Tasmina gently admonishes her, "don't paint her into a corner. She gets depressed, stories dry up."
"Look I'm really sorry. Please, give another story."
"I never told you yet how I met the professor and how we broke up."
"Do tell."
It leaves them howling with laughter."
Amira chuckles, "most story tellers slip, change details, you never do. Why not try writing a novel? Got lotsa free time on weekends."
"Not wise, they have secret police watching Earth. Don't like to see their info in print."
"You just keep getting nuttier. But we like you, all the same."
It's fun, every day face 45 eager little girls. Never seen such hard workers.
This school does not have summer vacation, but winter, when you just cannot heat it.
As I sit in HQ in Peshawar over a mountain of paper I feel dizzy.
I wake up in a sick bay back home.
My CO visits, "curious what happened? Vanishing to Earth like that."
"Just a tad."
"Certain revolutionaries stole a beamer, practised on army types. They're now caught, in Siberia."
"So, why did it take so long to find me?"
"My friend, you do move about. 12 timezones away from where you should be. Do you have any concept what sort of computer firepower is needed to track DNA over those distances?"
"A lot?"
She laughs wickedly, "half the computer power of the Defence Department. Still, the Empress just would not give up. You were the last lost sheep. Had to be brought back into the fold."
I nod.
"Here is your speed dating card, set for day after quarantine."
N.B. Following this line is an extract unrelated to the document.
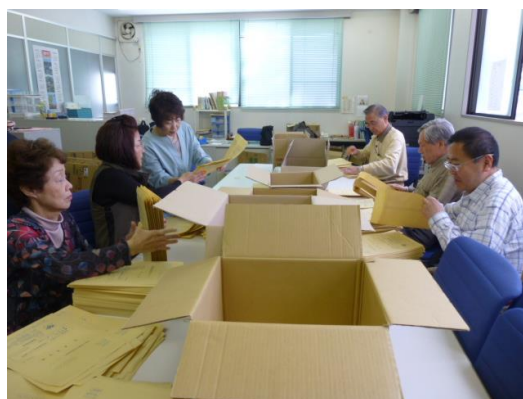
会報用封筒地区別振り分け作業 於 神商イフレ館 1 階
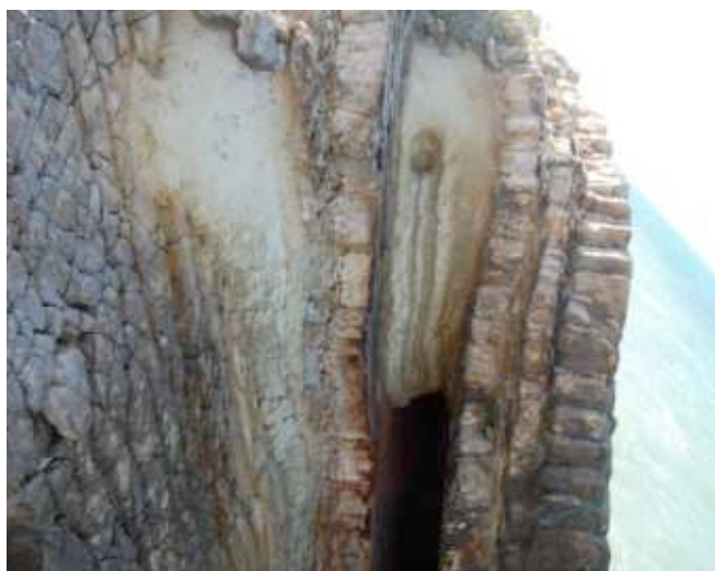
Foto 24. Parte del corte del acantilado visto desde el lado Oeste, parte superior.

I groan, "MO said I was exempt."
"Well, she can reexamine you. Things are looking up. You're now a Colonel. About to take 1st, 2nd and 3rd Battalions of the Gorgons touring. Don't want you to lolly gag. Got you a computer so you can start the process while still in quarantine."
"Yes ma'am, where to?"
"Where else? Guyane."
Day after day, I sift info. Two days before my release, the newsite has it big and bold. Mega-riots in Guyane. Gorgons will hafta roll, ready or not.
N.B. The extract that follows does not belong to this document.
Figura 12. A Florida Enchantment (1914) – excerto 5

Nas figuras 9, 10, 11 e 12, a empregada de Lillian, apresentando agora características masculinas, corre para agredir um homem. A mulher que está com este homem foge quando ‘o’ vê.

MO certifies me ok for duty, a jeep picks me up.
The officer meeting is the tensest I have seen.
Intel Officer begins, "up to now, we have always been simply guarding Empire bases. Never legally operated on soil belonging to the Guyane government. This is different. Their government is asking for our help and rather desperately. 50 police dead, Legislature is now burning down."
Grim looks on all.
She continues, "so Col, your take?"
"Job One, secure the capital city. The Guyane Police have nothing but single shot rifles and pistols. When rioters see Gorgons in full battle armor, carrying evil-looking blasters at the high port, thing might cool a bit."
"Col, airport is in ruins, have to go in para style."
"So be it. Means we get to wear Para patches. That itself cuts ice."
"You seem remarkably unworried Col."
"As of now, we are Imperial Paras, an enormous threat. Add in light mortars, heavy machine guns. It isn't an organized revolution, merely citizens angry at the Guyane Anti-Inflation Act."
We see the Legislature smoke 400 miles away. Still, all it takes is to land. Not one shot is fired, either at us or by us.
For the next week, we patrol quiet streets, then hand over to the Guyane Police."
It was an impressive show, 1,700 Gorgons parading around, on TV. We looked invincible.
We weren't. Not one waterproof sock in the entire Regiment.
We had zero ability to sustain patrols for a long time. But the world didn't know that, nor the rioters.